En muchos países del mundo industrializado, los antipsicóticos de segunda generación (atípicos) se han convertido en el tratamiento farmacológico de primera línea para los pacientes con esquizofrenia. La cuestión de si los efectos de los diversos antipsicóticos de segunda generación difieren, y en caso afirmativo en qué medida, es objeto de debate. En esta revisión, se examinó la diferencia en eficacia y tolerabilidad de la olanzapina con respecto a los otros antipsicóticos de segunda generación.

Objetivos: 

Evaluar los efectos de la olanzapina comparada con otros antipsicóticos atípicos en pacientes con esquizofrenia y psicosis esquizomorfas.

Métodos de búsqueda: 

1. Búsqueda electrónica
Se buscó en el registro de ensayos del Grupo Cochrane de Esquizofrenia (Cochrane Schizophrenia Group) (abril de 2007), el cual se basa en búsquedas frecuentes en BIOSIS, CENTRAL, CINAHL, EMBASE, MEDLINE y PsycINFO.

2. Búsqueda de referencias
Se examinaron las referencias de todos los estudios identificados en busca de ensayos adicionales.

3. Contacto personal
Se estableció contacto con el primer autor de cada estudio incluido para obtener la información que faltaba.
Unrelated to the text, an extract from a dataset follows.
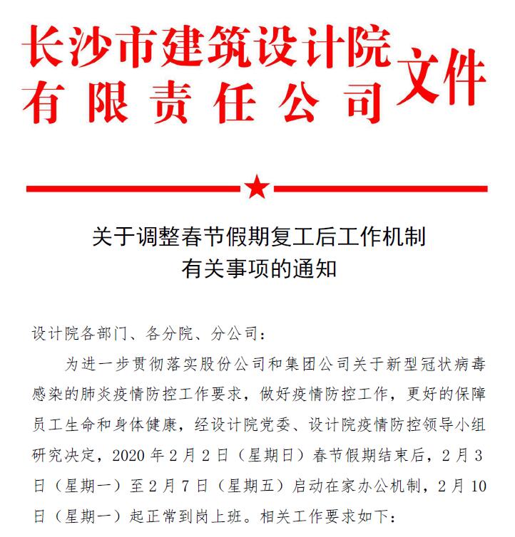 二是調整複工安排,堅持科學防控。為(wèi)有(yǒu)效應對新型冠狀病毒感染的肺炎疫情,做(zuò)好疫情防控工作(zuò),設計(jì)院緊急調整春節假期複工後工作(zuò)機制(zhì),假期結束後2月3日(農曆初十)開(kāi)始啓動在家(jiā)辦公機制(zhì),非必須到崗處理(lǐ)的事務一律采取值班制(zhì)處理(lǐ),值班落實到人(rén)。同時(shí),對複工後外地返崗人(rén)員作(zuò)出自我隔離一定天數(shù)要求,并摸底統計(jì)返程情況,複工後疫情未得(de)到有(yǒu)效控制(zhì)前派工作(zuò)人(rén)員到疫情嚴重區(qū)域出差的須審批報備。

4. Compañías farmacéuticas
Se estableció contacto con los fabricantes de todos los antipsicóticos atípicos incluidos para obtener datos adicionales.

Criterios de selección: 

Se incluyeron todos los ensayos aleatorizados que utilizaron al menos un diseño simple ciego (cegamiento del evaluador) y que compararon olanzapina oral con formas orales de amisulprida, aripiprazol, clozapina, quetiapina, risperidona, sertindol, ziprasidona o zotepina en pacientes con esquizofrenia o psicosis esquizomorfas.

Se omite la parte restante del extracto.